== RECORDS FOR THE EXERCISE ==
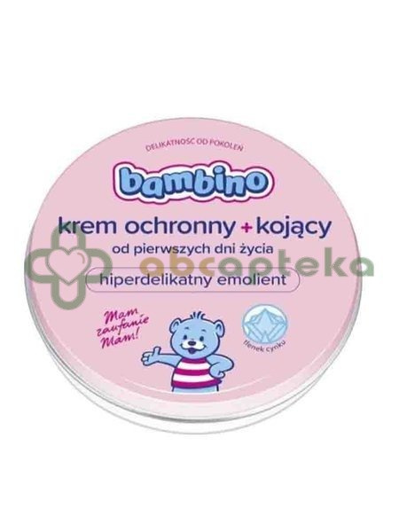- Ochronny krem Bambino to szczególnie delikatny produkt, który został stworzony z myślą o pielęgnacji wrażliwej skóry dzieci i niemowląt. Dzięki zawartości tlenku cynku i witaminy E nie tylko chroni naskórek przed szkodliwym wpływem czynników zewnętrznych.
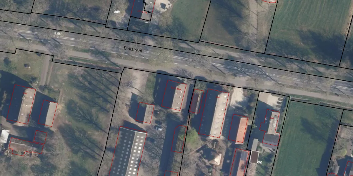 Het perceel waarop Birkstraat 112 staat heeft een oppervlakte van 4,7 ha. Dit is een zeer groot perceel. De perceeloppervlakte wordt geregistreerd door het Kadaster. Gedetailleerde informatie over de maten van dit perceel kunt u vinden in het rapport Kadastrale kaart met maatvoering van Birkstraat 112.
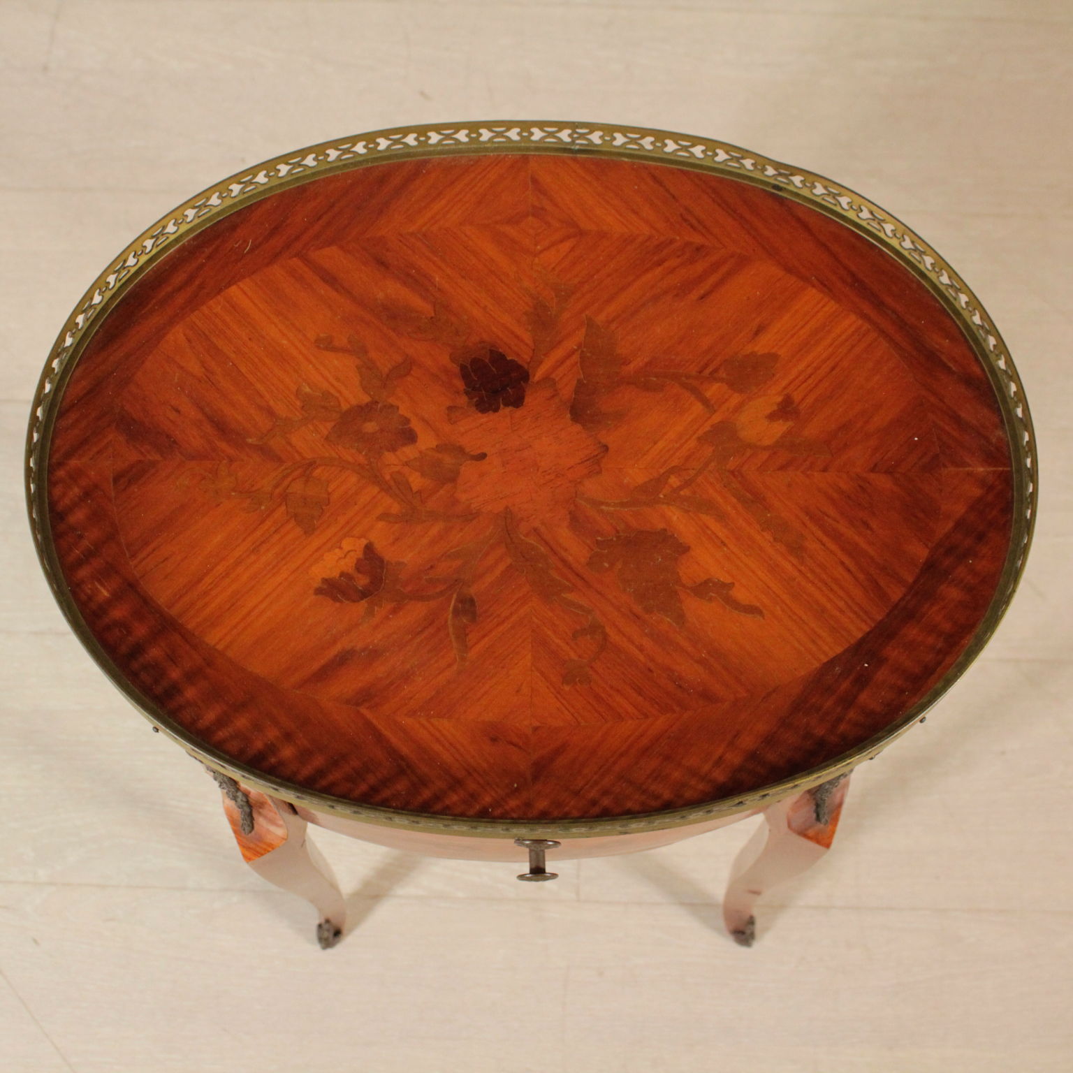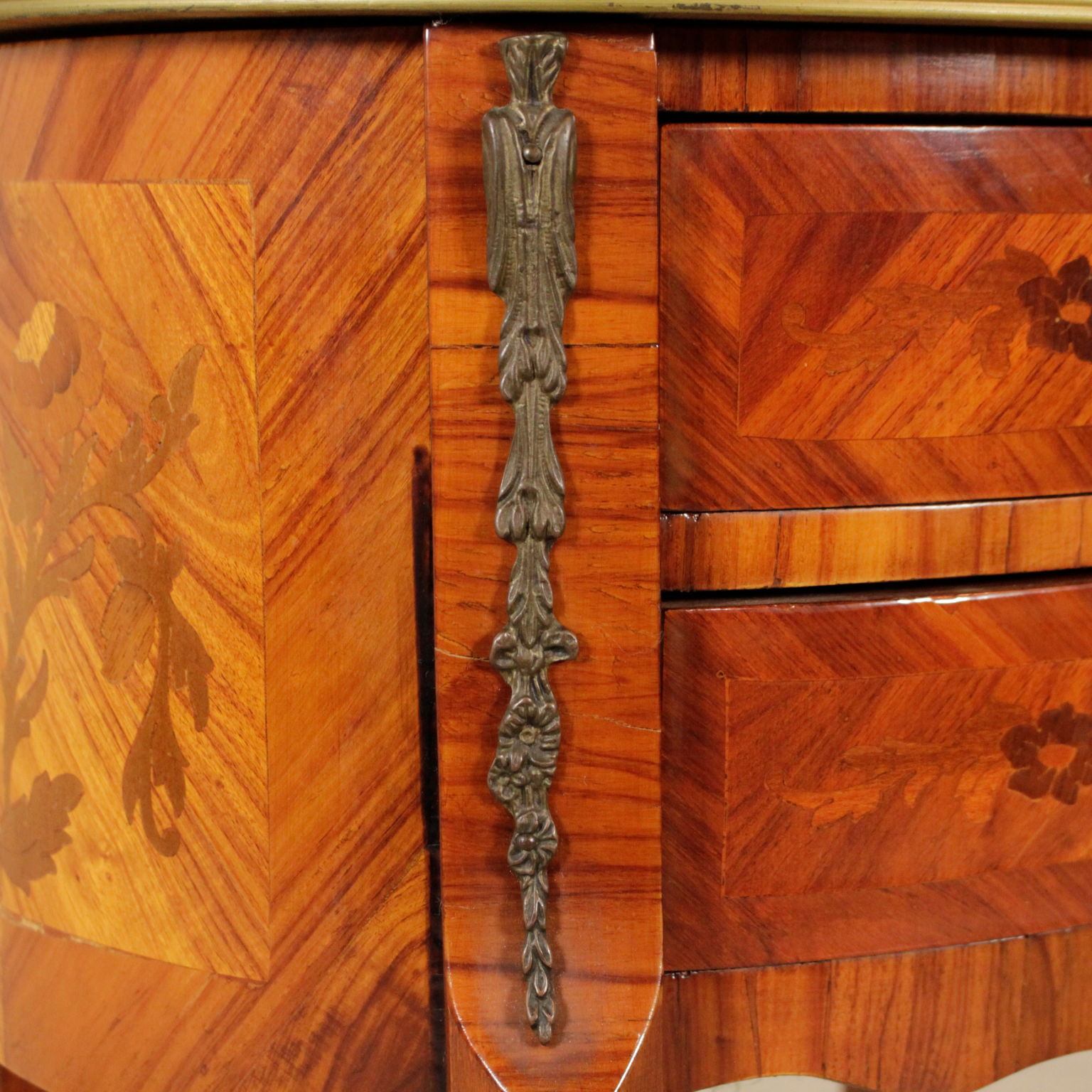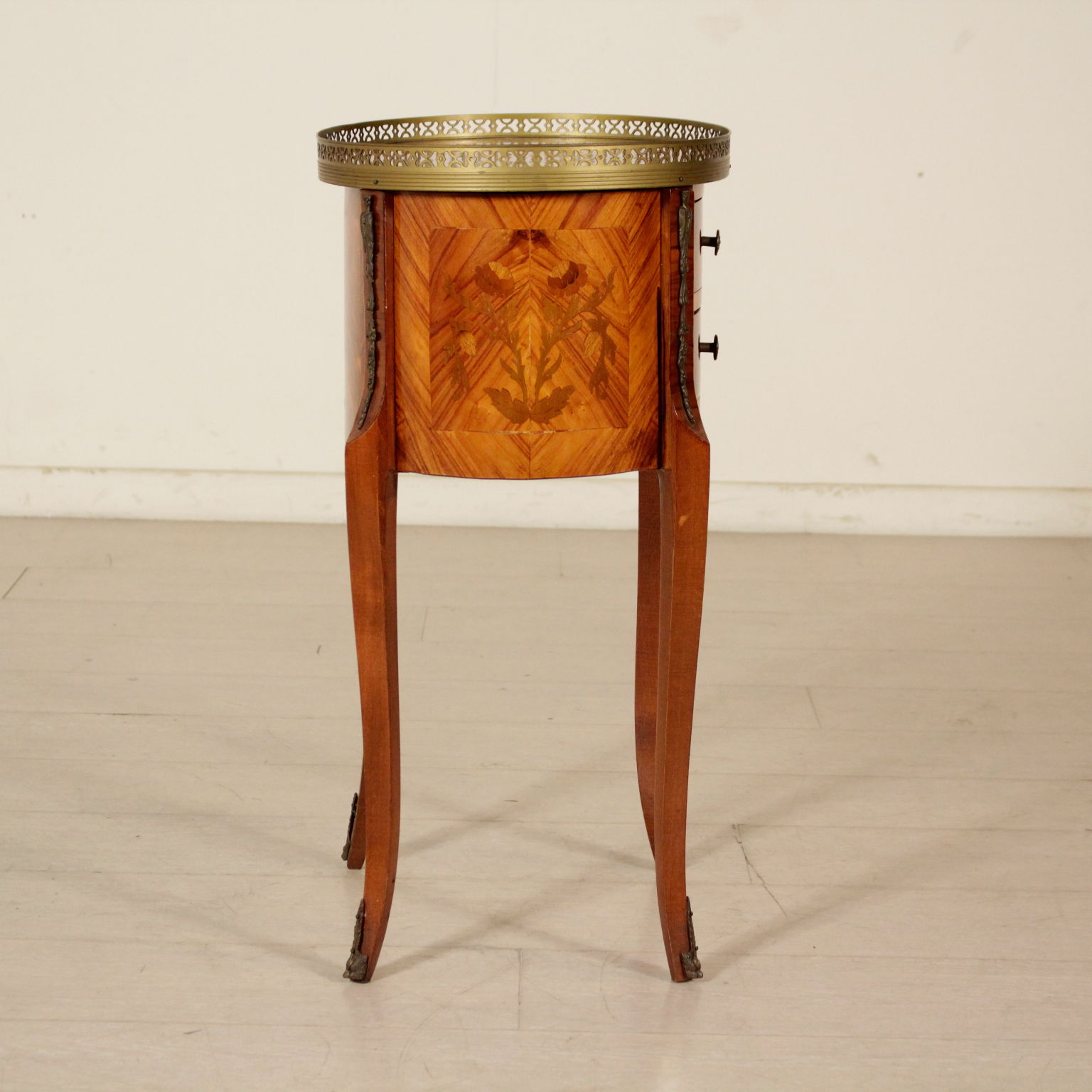 Apoyado por las piernas mueve cuenta con dos cajones. Parte superior ovalada con bordes de bronce. Floral incrustaciones.
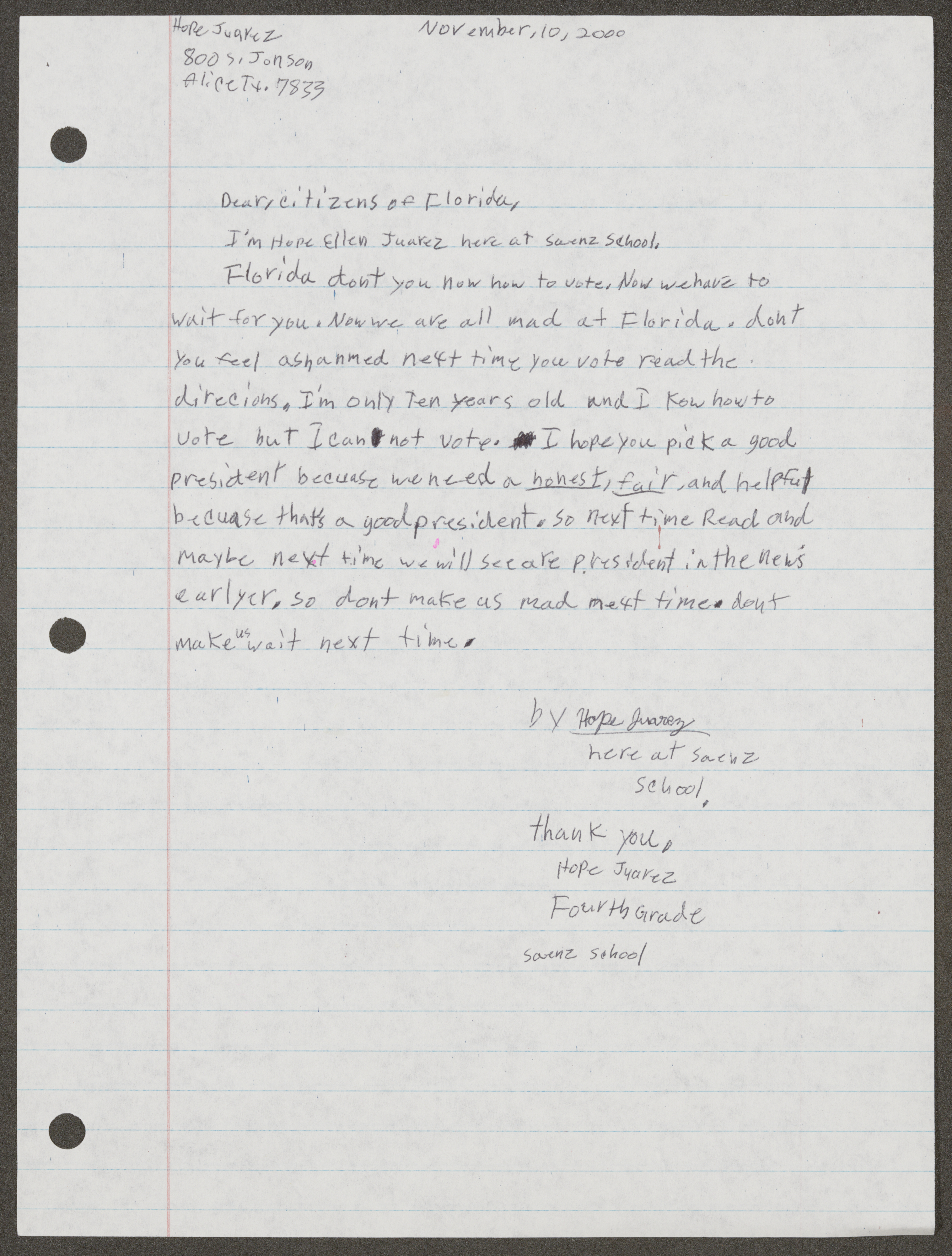 Florida don’t you [k]now how to vote. Now we have to wait for you. Now we are all made at Florida. don't you feel ashanmed [sic] next time you vote read the direcions [sic]. I'm only ten years old and I k[n]ow how to vote but I can not vote. I hope you pick a good president because we need a honest, fair, and helpful because that’s a good president. So next time read and maybe next time we will see are president in the news earlyer [sic]. So don't make us mad next time. don't make us wait next time.
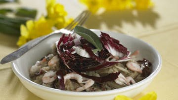 Steg svampene i olien, til de er let brunede. Tilsæt løg, hvidløg, salvie og ris og steg i 2 min. Kom så vin og ca. 2 dl suppe ved og skru ned. Så er kunsten at tilsætte ca. 1-2 dl suppe ca. hvert 5. minut, til risene er mættede med suppe. Når den er tæt på færdig, kommes rejer og krydderurter ved, radicchioen snittes fint og halvdelen tilsættes og røres med, mens resten pyntes på den færdige risotto. Server med reven parmesan og et godt glas rødvin.
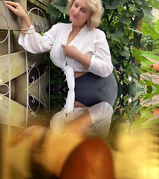 Sexy Lukerya drinks coffee on the washing machine and flirts hotly, switching clothes in front of fans.
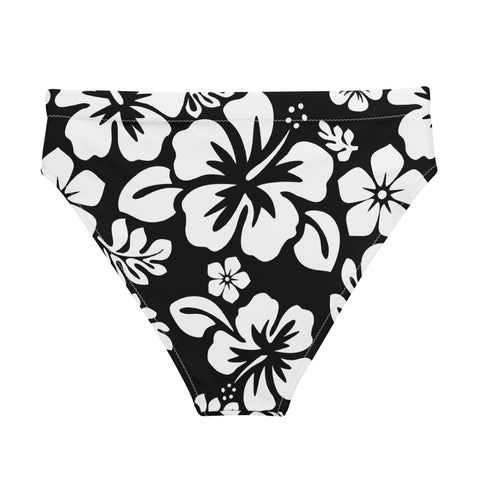 White Hawaiian Flowers on Black High Waisted Bikini Bottom – Eco Swimwear from Extremely Stoked®
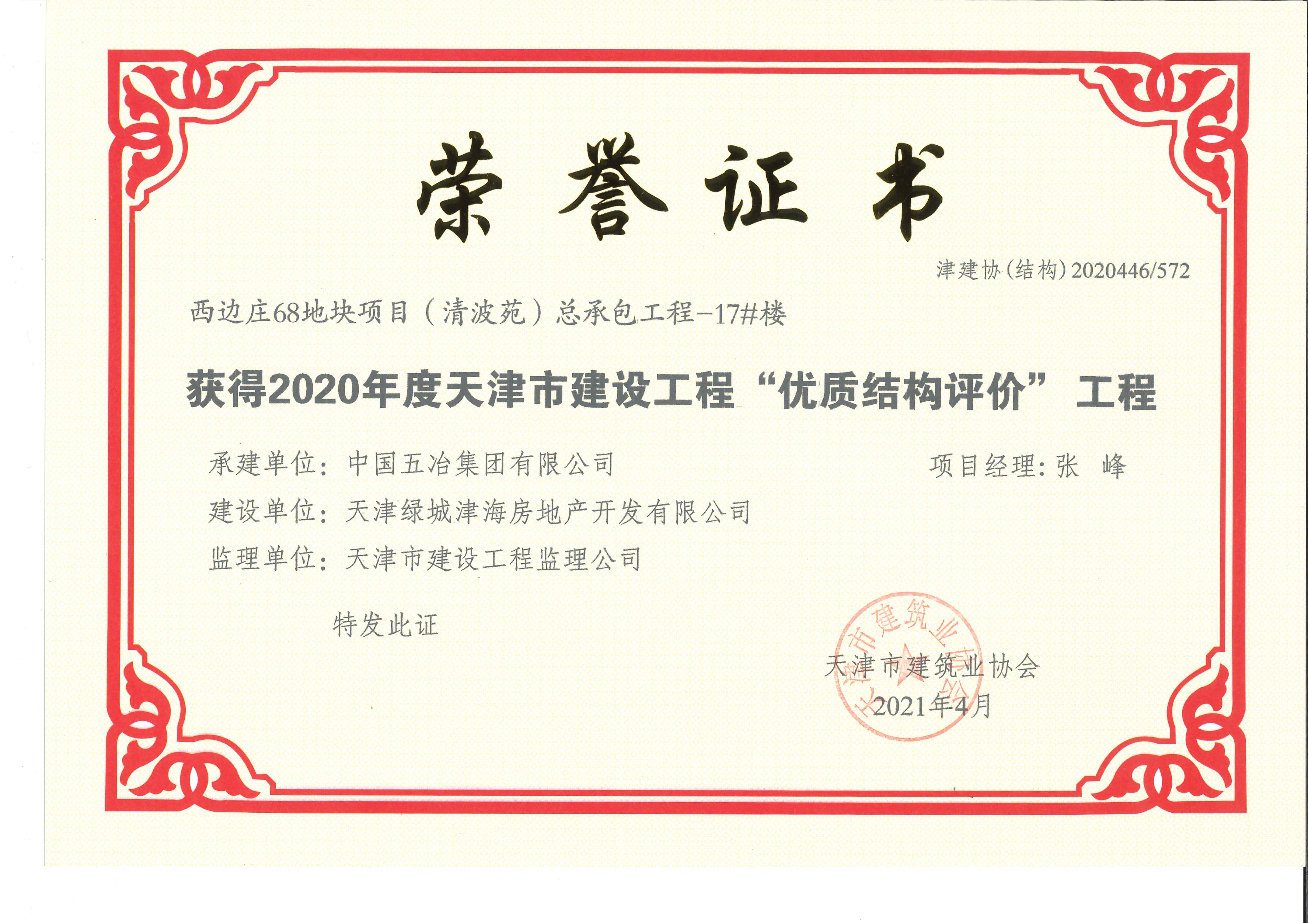 天津靜海綠城(西邊莊68地塊項目-清波苑總承包工程-17號樓)--2020年天津優質結構評價

== WHAT IS NEEDED ==
Give back exactly the lines from the line with "Florida don’t you" through the end of the material above, and omit every picture.

== RESULT FOR THIS TASK ==
 Florida don’t you [k]now how to vote. Now we have to wait for you. Now we are all made at Florida. don't you feel ashanmed [sic] next time you vote read the direcions [sic]. I'm only ten years old and I k[n]ow how to vote but I can not vote. I hope you pick a good president because we need a honest, fair, and helpful because that’s a good president. So next time read and maybe next time we will see are president in the news earlyer [sic]. So don't make us mad next time. don't make us wait next time.
 Steg svampene i olien, til de er let brunede. Tilsæt løg, hvidløg, salvie og ris og steg i 2 min. Kom så vin og ca. 2 dl suppe ved og skru ned. Så er kunsten at tilsætte ca. 1-2 dl suppe ca. hvert 5. minut, til risene er mættede med suppe. Når den er tæt på færdig, kommes rejer og krydderurter ved, radicchioen snittes fint og halvdelen tilsættes og røres med, mens resten pyntes på den færdige risotto. Server med reven parmesan og et godt glas rødvin.
 Sexy Lukerya drinks coffee on the washing machine and flirts hotly, switching clothes in front of fans.
 White Hawaiian Flowers on Black High Waisted Bikini Bottom – Eco Swimwear from Extremely Stoked®
 天津靜海綠城(西邊莊68地塊項目-清波苑總承包工程-17號樓)--2020年天津優質結構評價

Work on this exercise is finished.